Exercise brief
Could you return the data that follows exactly, minus the images?

Given data
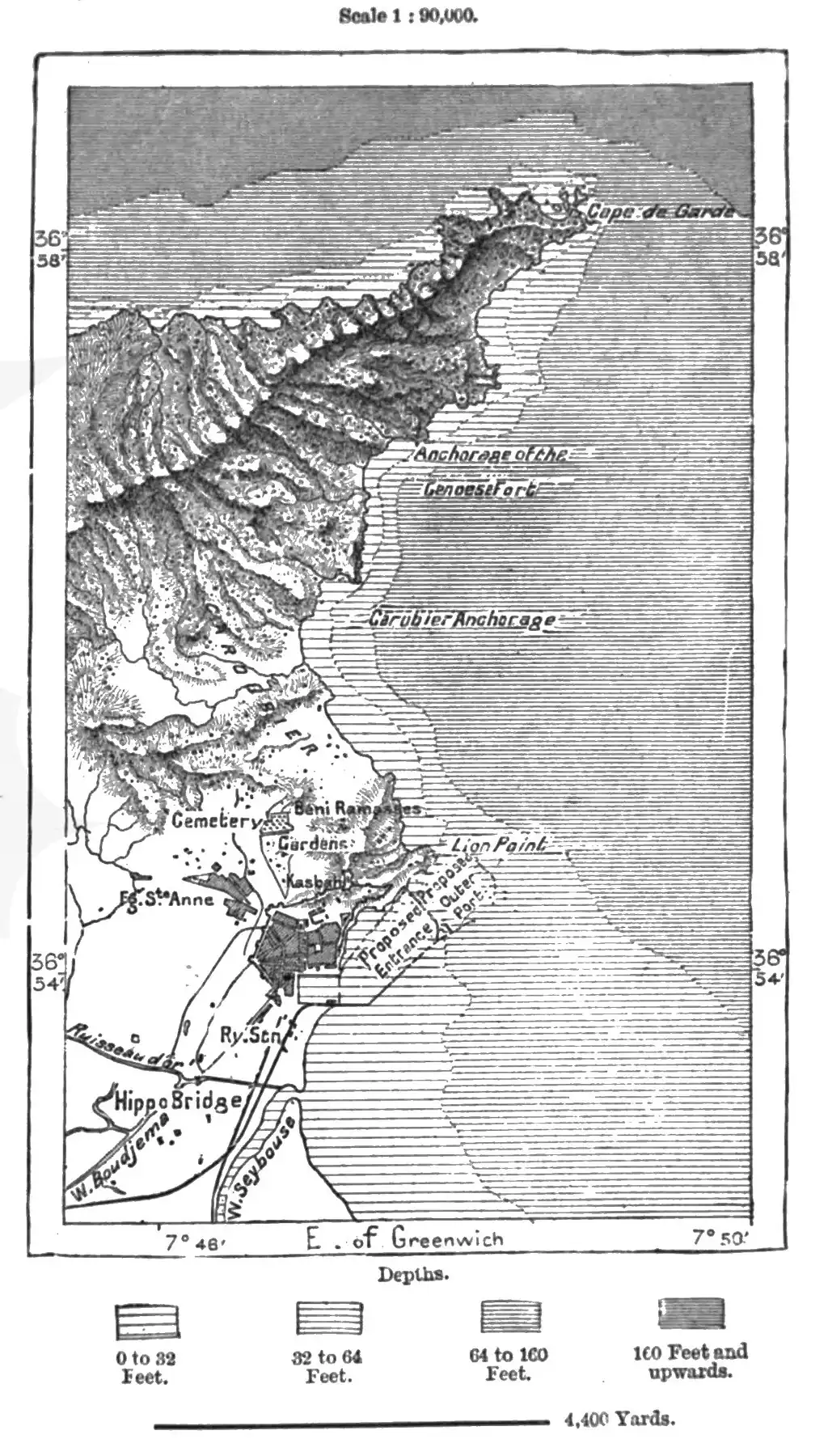As a seaport Bona enjoys great advantages. Its roadstead, well sheltered from the west and north-west winds by Cape Garde, was much frequented during
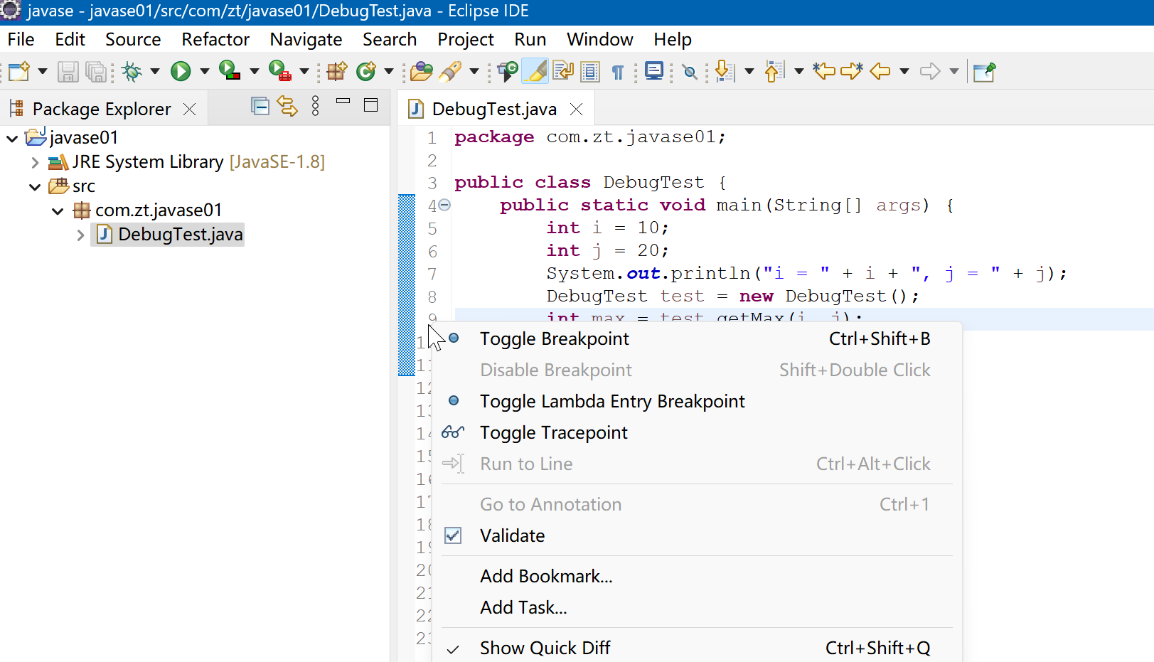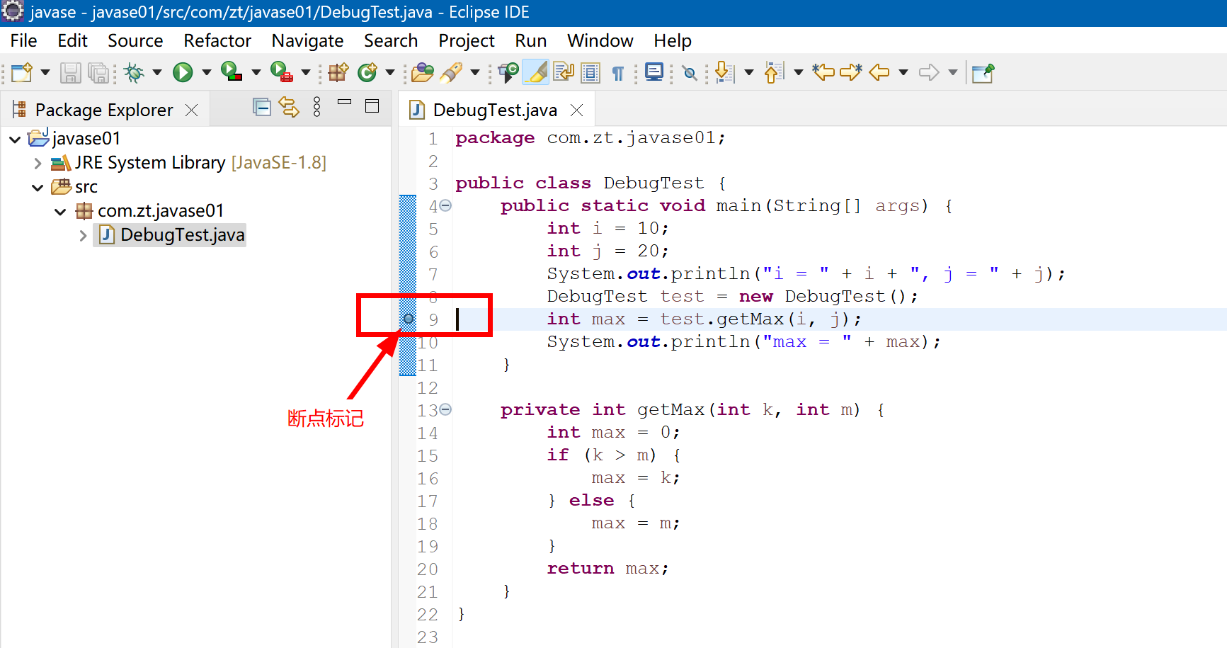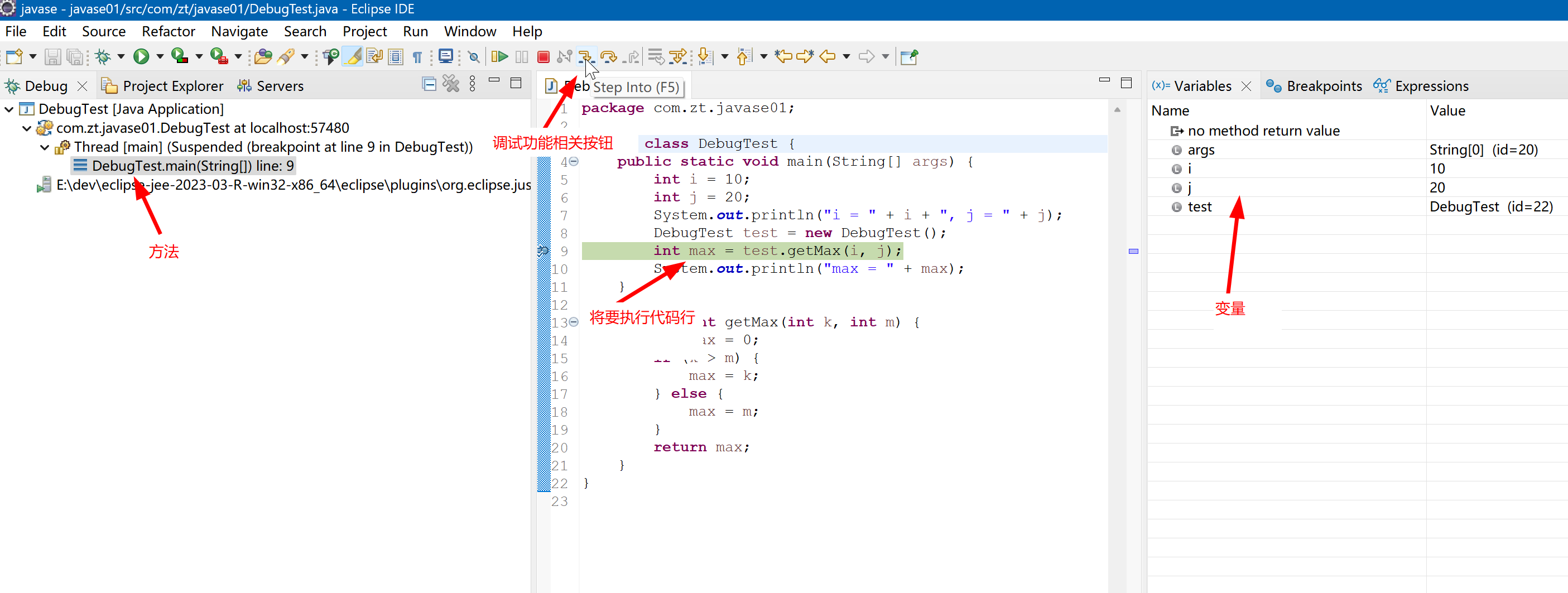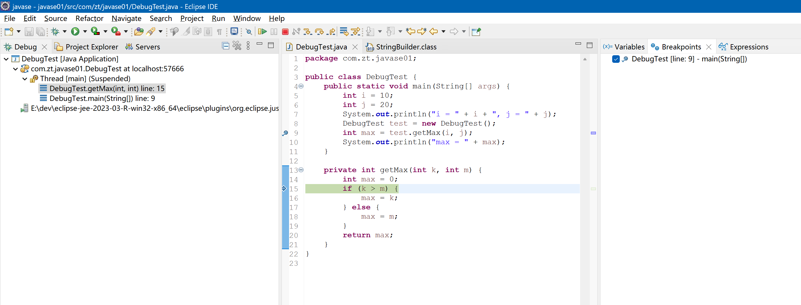 可以看到断点打在第9行代码, eclipse在执行第9行代码前暂停, 在Variables视图可以看到main方法中局部变量i=10, j=20, test为DebugTest类型
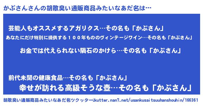 | ヘコむあだ名 | 『豆乳』『かぷさん(爆)』『かぷお』 |

Exercise response
As a seaport Bona enjoys great advantages. Its roadstead, well sheltered from the west and north-west winds by Cape Garde, was much frequented during
 可以看到断点打在第9行代码, eclipse在执行第9行代码前暂停, 在Variables视图可以看到main方法中局部变量i=10, j=20, test为DebugTest类型
 | ヘコむあだ名 | 『豆乳』『かぷさん(爆)』『かぷお』 |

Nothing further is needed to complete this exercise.